We can see Norman Bates here, playing one of the most memorable villains in film history. Josef Stefan’s screenplay plays a great role in our predictions as well.
8. The Haunting (1963)
This movie by Robert Wise is among the best touching movies about haunted houses. The main premise revolves around a paranormal investigator trying to determine whether or not the mansion is haunted.
If someone likes a good jump (or several), then watching this movie is probably one of the best choices to make. With mysterious sounds, objects in strange places, and other events, this movie plays with our minds in the most effective way possible.
9. Night of the Living Dead (1968)
Zombies may have existed as a concept before this movie, but it became a popular concept after its release. The movie has a gritty ending to it, but it’s still said to be among the best final scenes in horror movie history.

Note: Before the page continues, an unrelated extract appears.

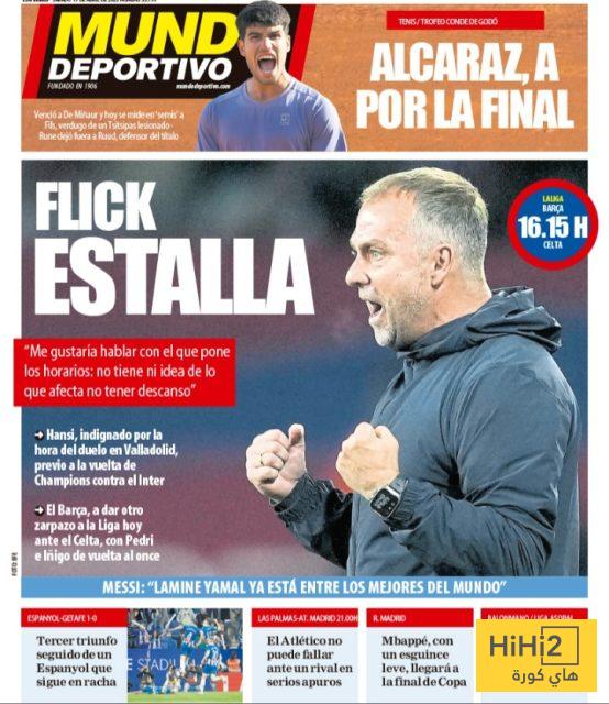 هاي كورة _ قامت صحيفة موندو ديبورتيفو الكتالونية بتسليط الضوء في عددها الصادر اليوم على التصريحات النارية، التي أدلى بها المدرب هانز فليك في المؤتمر الصحفي الذي يسبق مباراة برشلونة وسيلتا فيغو.

Essentially, this is the movie that established the zombie lore, making them empty, lumbering creatures dehumanized. He also provided a social commentary on racism during the 1960s. Ultimately, this movie became a huge influence on the groundbreaking Get Out.
10. Blood and Black Lace (1964)
Some say that Mario Bava changed the horror movie script forever with this movie. He was already revered as a horror maestro, and launched a kind of Italian blood (giallo) doctrine with this work. The killings here are gruesome and stylized, with thrilling POV footage to conceal the killer’s identity.
The place here is a fashion house, where models are systematically killed. The killer wears an all black overcoat, gloves and a hat. This was to become a staple in the genre later. In one great scene, the chase takes place inside a room full of mannequins. Models are getting rid of people in the same way that the fashion industry might get rid of humans as well. Witnesses to her murder are anonymous and silent, as are people who witness the harsh practice of the industry in real life.
The best horror movies of the ’60s were very expensive, so make sure you prepare mentally before watching any of them. Scenarios, cinematic twists, and other tools create some pretty cool effects. This makes every action discussed above a must-have for any horror movie fan. After a session of the 60’s horror movie, you can unwind with the best sitcoms from the 60’s, too.